A New York lawmaker says that the state’s recently passed gun control law stunningly fails to include any exemptions for law enforcement officers, and technically prohibits police from ever bringing guns on school grounds or possessing extended ammo magazines.

The NY SAFE Act, which was championed and signed into law by Democratic Gov. Andrew Cuomo, bans all magazines that hold more than seven bullets and pre-1994 high capacity magazines, and prohibits the carrying of guns on school grounds.

But because no loophole for law enforcement was included in the law, every police officer in the state is technically in violation of the statute even though the prohibition is unlikely to be enforced, according to New York Assemblyman Al Graf.

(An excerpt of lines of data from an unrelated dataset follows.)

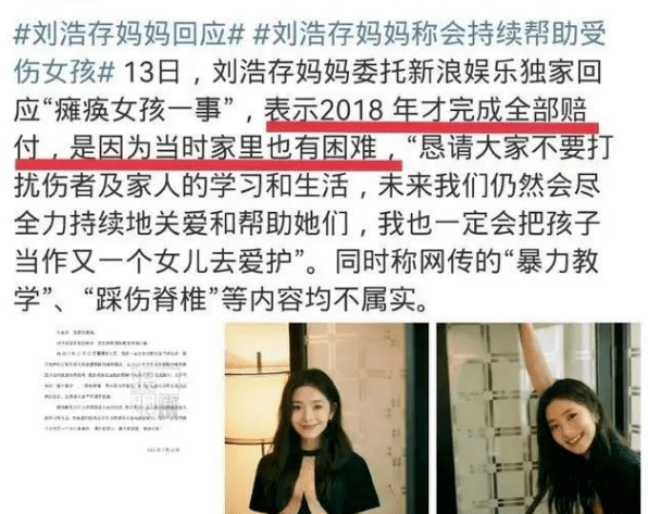 这件事被扒出来后,刘浩存母亲表示是因为当时家庭困难,也已经和小女孩家和解了。而她嘴里的家庭困难,是把钱用在了刘浩存身上。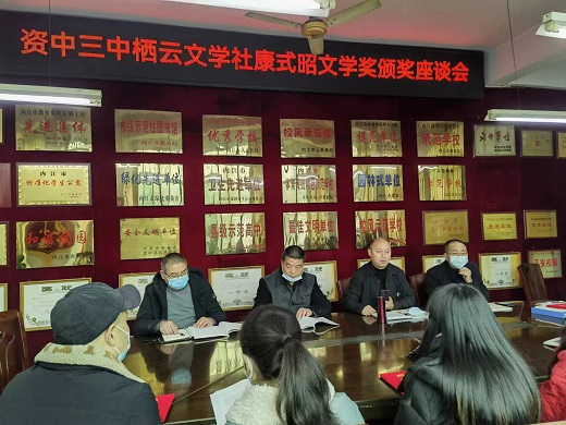 座谈会上,栖云文学社社长王章彬对栖云文学社自成立以来的各方面工作作回顾,并宣布资中三中今年获得资中县第十二届康式昭文学奖师生和指导教师名单。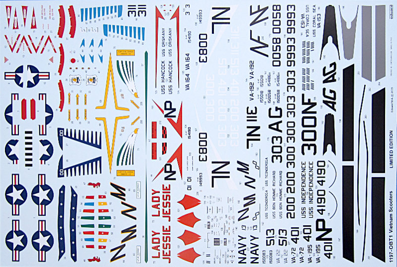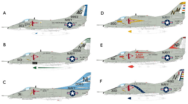 Ebenfalls neu sind die Abziehbilder. Diese wurden von Furball Aero-Design gestaltet und bei Cartograf gedruckt. Der Decal-Bogen ist etwa im Format DIN A4 und enthält auch eine ganze Reihe von Wartungshinweisen. Die Ausführung der Decals ist tadellos! Je 3 A-4E (davon zwei ohne Höcker) und 3 A-4F stehen zur Auswahl: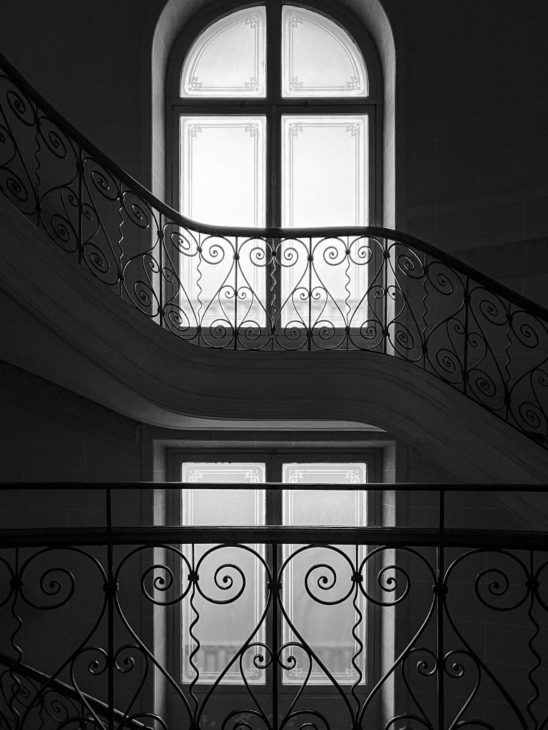 C’est une photographie silencieuse, mais tant de silence fait tout un vacarme. Les ombres et la lumière capturée par la fenêtre s’enveloppent d’une infinité de dégradés et c’est bien ça l’élégance. Ici, aucun débordement n’est permis. La beauté se faufile le long de la main courante.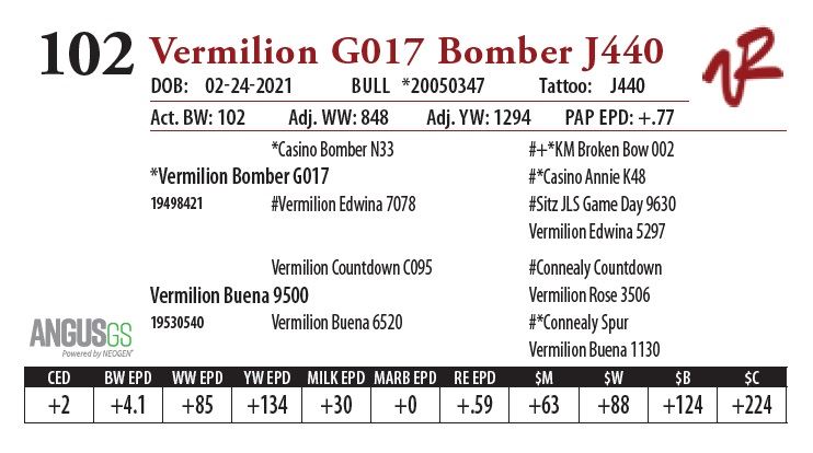 All bulls will be covered 50% by Vermilion Ranch if they are injured during their first breeding season. Breeding season is defined as the 60-day period following the first turnout of bulls.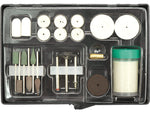 Un set de 17 accesorii abrazive compatinile masini de finisat. Accesoriile permit prelucrarea precisă a pieselor mici. Compatibile cu polizoare cu un orificiu de 3,2 mm.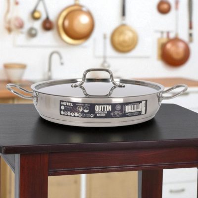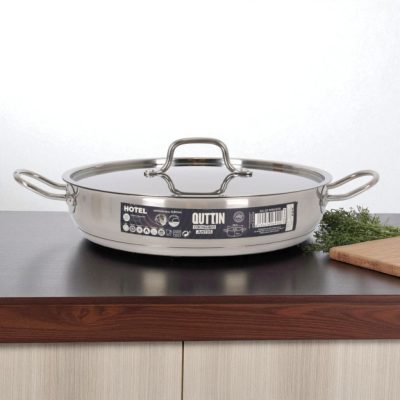 A Quttin Hotel szeletsütő lábas fedővel 4,3 literes egy 28 cm átmérőjű, alacsony falú rozsdamentes acél edény, amely kiválóan alkalmas húsételek, zöldséges fogások és egytálételek elkészítésére. A 0,8 mm falvastagság és a szendvics alj biztosítja az egyenletes hőeloszlást, bármilyen tűzhelyen – beleértve az indukciót is.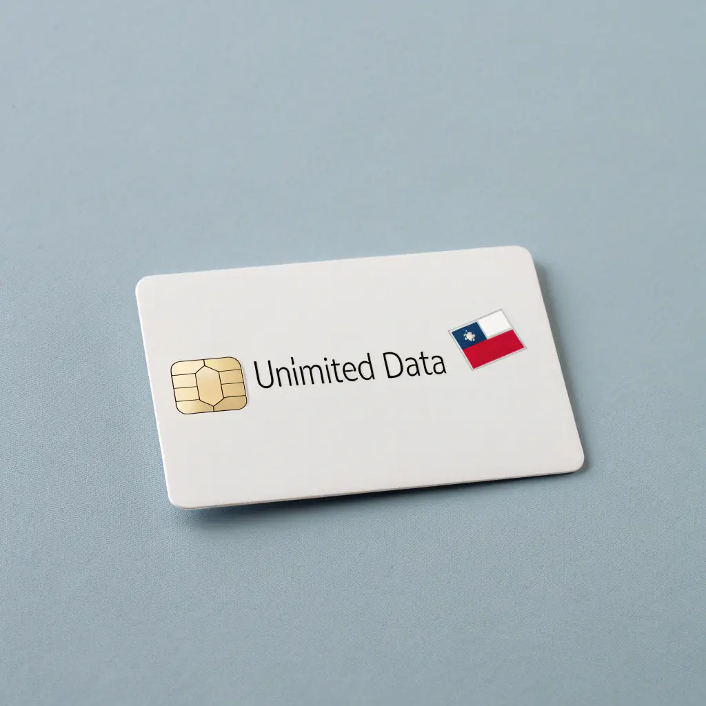 La Tarjeta SIM Datos Ilimitados ofrece acceso ilimitado a Internet para turistas en Chile, con un número local y una validez de 30 días. Es ideal para viajeros que necesitan conectividad constante para navegación, redes sociales y streaming. La tarjeta SIM es compacta, con un diseño simple que presenta la bandera chilena y la etiqueta ‘Datos Ilimitados’.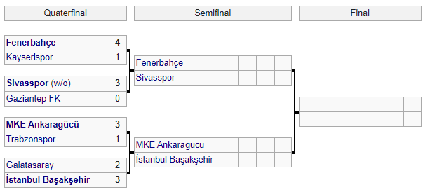 У півфінальних протистояннях, які складатимуться з двох матчів, зіграють: Сівасспор – Фенербахче, Башакшехір – Анкарагюджю.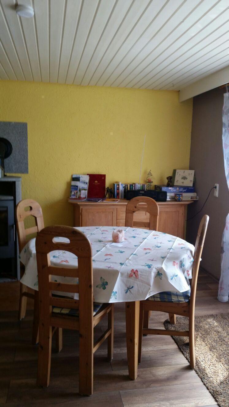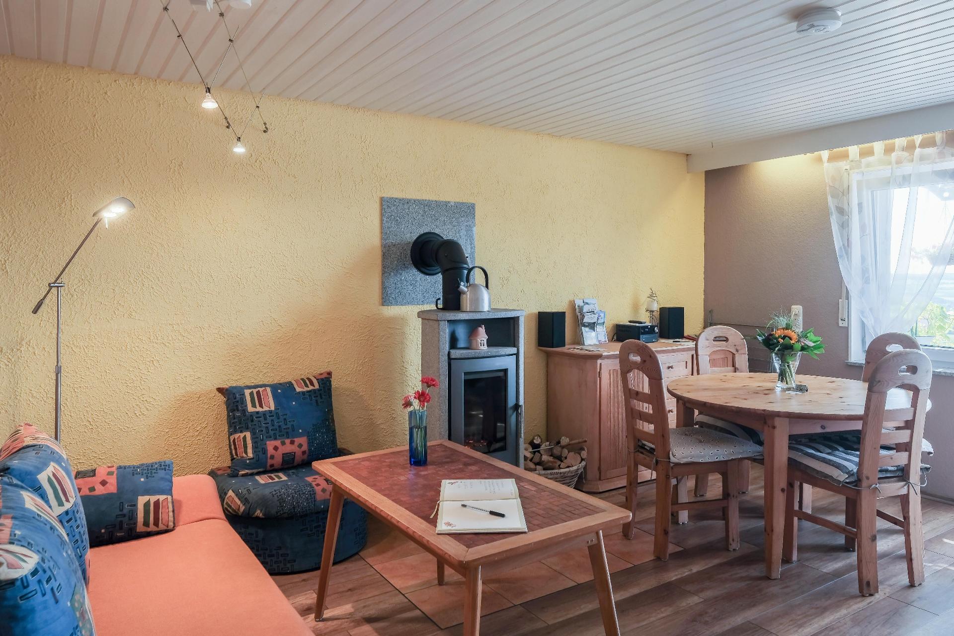 Die familienfreundliche Ferienwohnung ist für zwei bis fünf Personen, davon max. 3 Erwachsene, geeignet. Sie umfasst ein neu renoviertes Schlafzimmer mit Doppelbett (180 x 200 cm) und Einzelbett (90 x 200 cm) sowie eventuell einem Zustellbett, eine Küche, ein neu renoviertes Wohnzimmer mit ausziehbarem Sofa (150 x 200 cm) und ein Bad mit Badewanne mit Duschvorrichtung und WC. Die komplett eingerichtete Küche bietet Kühlschrank mit Gefrierfach, Spülmaschine, Wasserkocher, Kaffeemaschine, Toaster, Mikrowelle, Geschirr und Besteck. Außerdem verfügt die Wohnung über Radio, Sat.-TV und Ölzentralheizung mit Heizkörpern in allen Räumen, außer der Küche, und einem Kaminofen für romantische Abende. Handtücher, Bett- und Tischwäsche werden gestellt. Endreinigung und WLAN ist im Preis inklusive. Haustiere sind auf Anfrage gegen Gebühr zugelassen.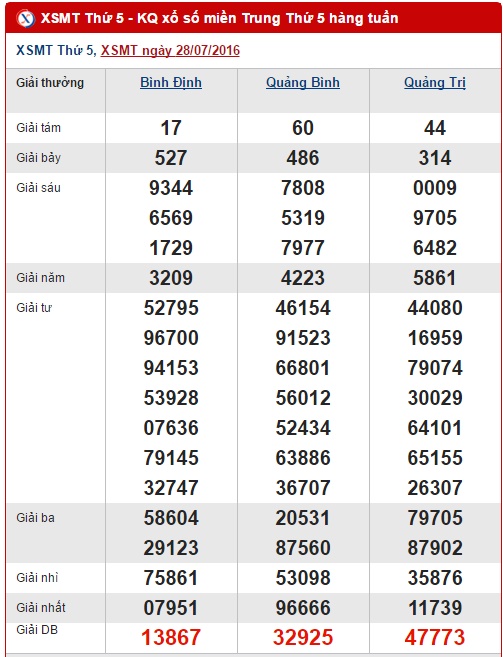 Một tuần lễ trôi qua, hôm nay XSMT đã quay trở lại với các anh em tỉnh Bình Định, Quảng Bình và Quảng Trị. Trước khi đến với kết quả quay số hôm nay, Xổ số 24h xin mời các bạn cùng điểm qua tình hình kết quả Xổ số miền Trung tại các tỉnh Bình Định, Quảng Bình, Quảng Trị ở lần quay trước nhé!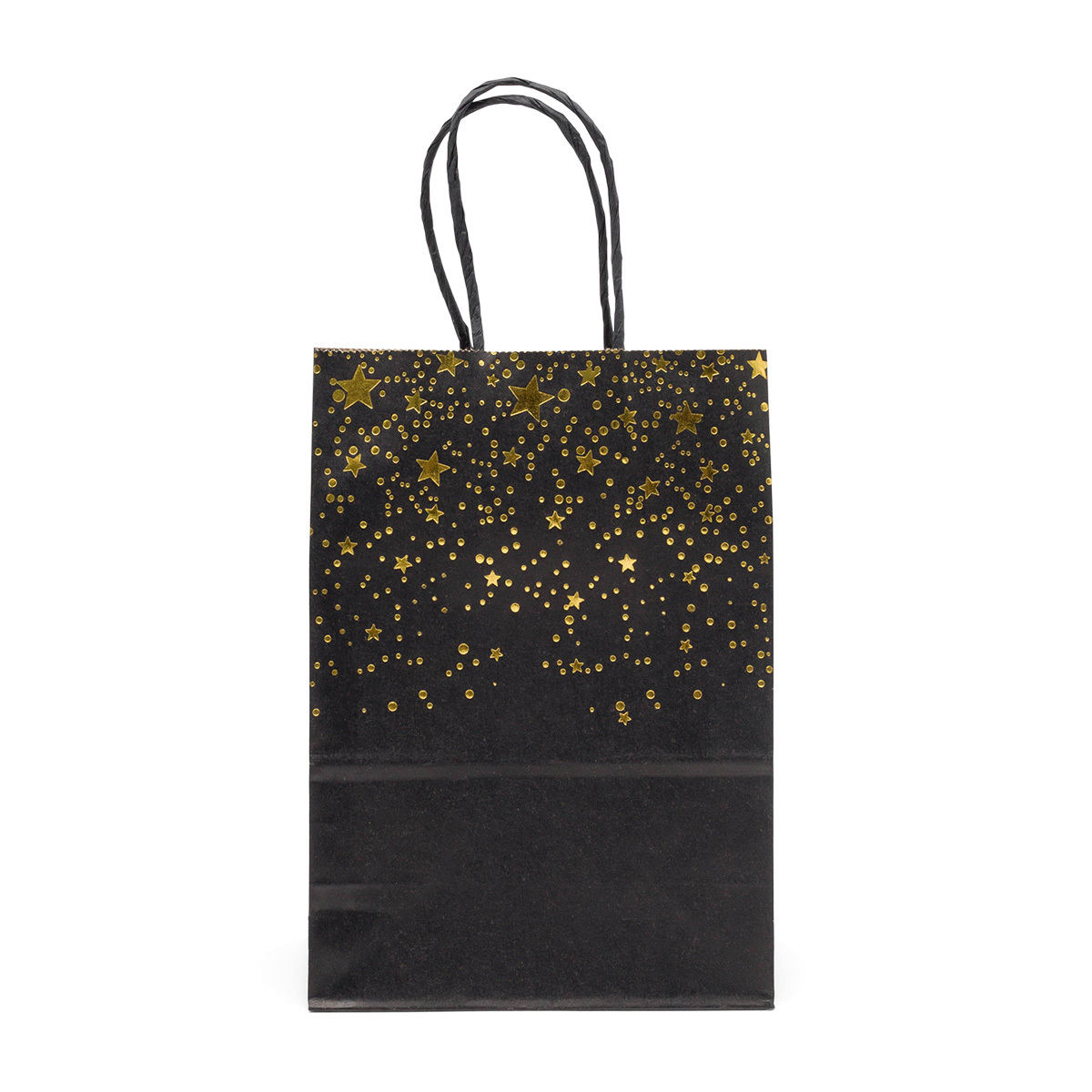 Пакет крафт "Звёзды", черный, 21х15х8см, 9918396, 12 шт

Graf — a former New York City police officer and the ranking Republican member of the assembly’s powerful Codes Committee — says that the ban could even impede the efforts of officers to respond to a school shooting.

“The language is unclear, and to go further, a cop cannot go on school property with a gun,” Graf told The Daily Caller. “They weren’t exempted from that, either.”

“There was actually a story that was relayed to me the other day about a New York City police officer who went to a school the other day to pick up his kid, and the security guard told him that if he came to the school with his off-duty gun he would be arrested,” Graf continued.

The prohibition on carrying a gun into a school could even extend to on-duty police officers responding to an emergency such as a shooting.

“I guess they would have to sit there and take their gun belts off before they came in” to the school, Graf said.

Graf says that the exemption was not included in the bill because Cuomo, a rising Democratic star and possible 2016 presidential candidate, rushed it through the legislature via a shortcut known as a “message of necessity.” This allowed for little public scrutiny of the bill, which was easily passed by the legislature and signed into law on Tuesday.

“I got my hands on the bill at 11:30 at night,” Graf said, adding that he only had an hour to go through it before a meeting of the Codes Committee.

“Nobody was really able to look the bill,” before it was passed, according to Graf.

According to Graf, amendments to fix the bill were already in the works by the time it was voted on, but have not yet reached the floor.

“It doesn’t exclude retired police officers, so all of them have to turn in guns and magazines and stuff like that,” he said. “What they did is disarm the good guys and make sure the bad guys outgun them.”

“There are so many problems with this bill it’s unreal,” Graf said.

Gov. Cuomo’s office did not respond to TheDC’s request for comment, but now reportedly says an exemption will soon be included in the law.

UPDATE: Cuomo spokesman Matthew Wing tells The Daily Caller that “No police officer possessing [an] ammunition clip with more than 7 bullets is in violation of the law or guilty of any crime, period.”